Top-line data from the recently completed phase 2b RESTORE trial of MCO-010, an investigational gene therapy being developed by Nanoscope Therapeutics for patients with advanced retinitis pigmentosa (RP), show clinically meaningful vision improvement in legally blind individuals with progressive and permanent neurodegeneration of the retina, the company recently reported.

RESTORE was a multicenter, randomized, double-masked, sham-controlled, dose-ranging study to evaluate 2 dose levels of MCO-010 in patients with advanced RP, based on clinical examination, dilated fundus examination, and genetic testing. Nine subjects received a single intravitreal injection containing a high dose (1.2¹¹ genomic copies [gc]/eye) of MCO-010, 9 received an injection with a low dose (0.9¹¹ gc/eye) of MCO-010, and 9 received a sham injection. All subjects were assessed for 100 weeks following treatment.

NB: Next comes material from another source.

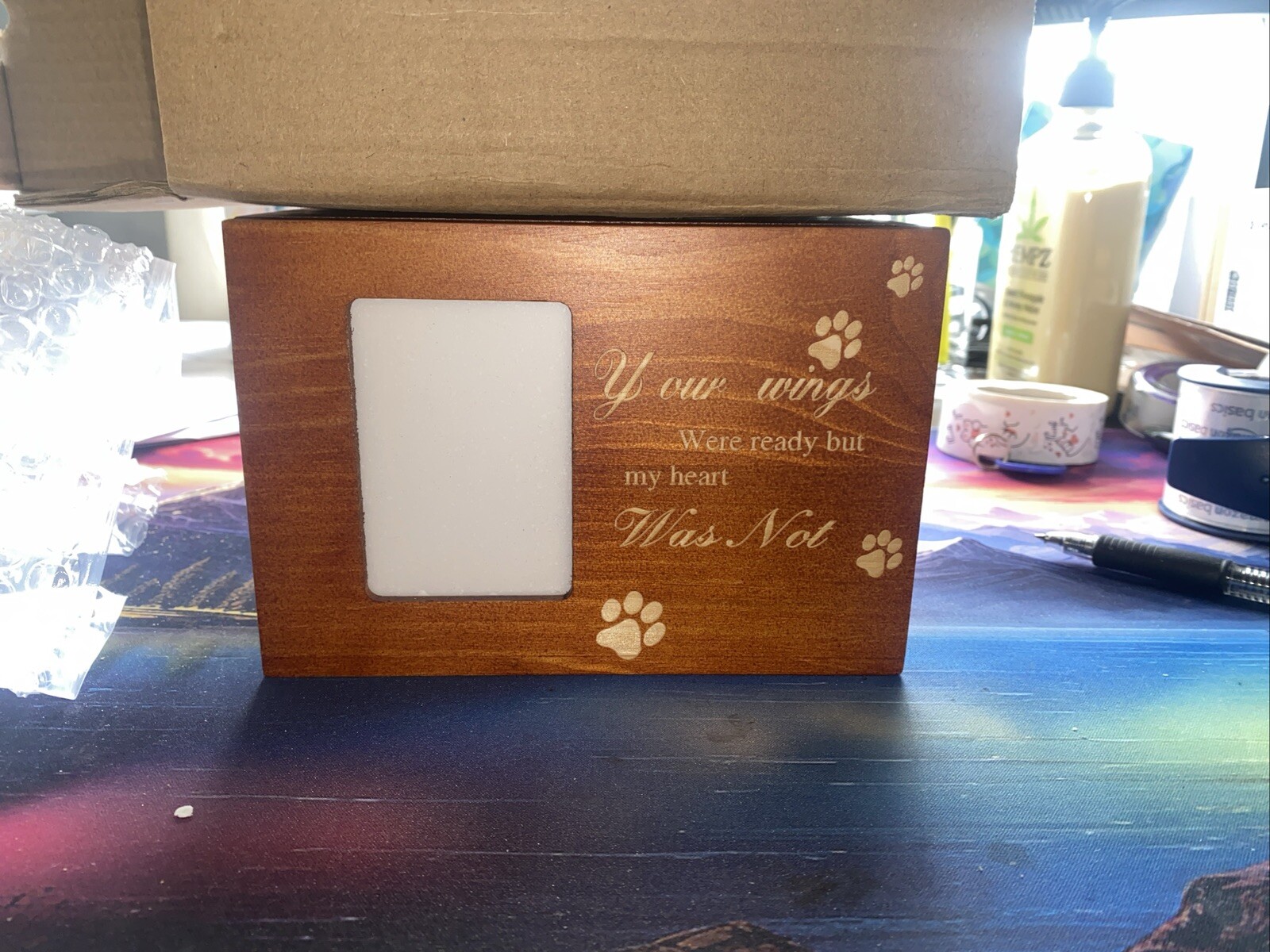 как выглядит Photo Pet Brown Urn for Dogs Cats Ashes Memorial Pine Medium- Lock Sliding Top фото

The trial met its primary endpoint of statistically significant best-corrected visual acuity (BCVA) improvement at week 52 in both the high-dose (0.337 LogMAR; P=.021) and low-dose (0.382 LogMAR; P=.029) treatment groups compared to the sham control group (0.050 LogMAR). Improvements in visual function persisted or increased following week 52 in the study, demonstrating the durable effect of MCO-010. BCVA improvement at week 76, a key secondary endpoint, was statistically significant in the high-dose treatment group compared to the control group (0.539 LogMAR; P=.001). At week 76, the improvement in BCVA in the low-dose treatment group was not statistically significant compared to control (0.374 LogMAR; P=.065). These results are consistent with what has been previously observed in the earlier phase 1/2a open-label study.

“We observed significant vision restoration in many patients with severe vision loss, including those who were completely blind,” David Boyer, MD, an investigator in the trial and adjunct clinical professor of ophthalmology at the University of Southern California Keck School of Medicine, said in a news release. “Many patients treated with MCO-010 derived a clinically meaningful benefit measurable on the primary visual function test, and this effect was confirmed by a parallel improvement in functional vision assessments."

RESTORE was the first randomized, controlled trial of a mutation-agnostic gene therapy for a genetic disease, according to the company. In a news release, Nanoscope Therapeutics said RESTORE is the only randomized controlled trial in retinal degenerative disease to demonstrate improvement beyond the clinically important BCVA >0.3 LogMAR threshold in a statistically significant manner.

MCO-010 has received both orphan drug and fast track designations from the FDA. Nanoscope expects to submit a biologics license application (BLA) to the US Food and Drug Administration (FDA) in the second half of 2024. According to the company, the high-dose MCO-010 (1.2¹¹ gc/eye) is planned to be the commercial dose.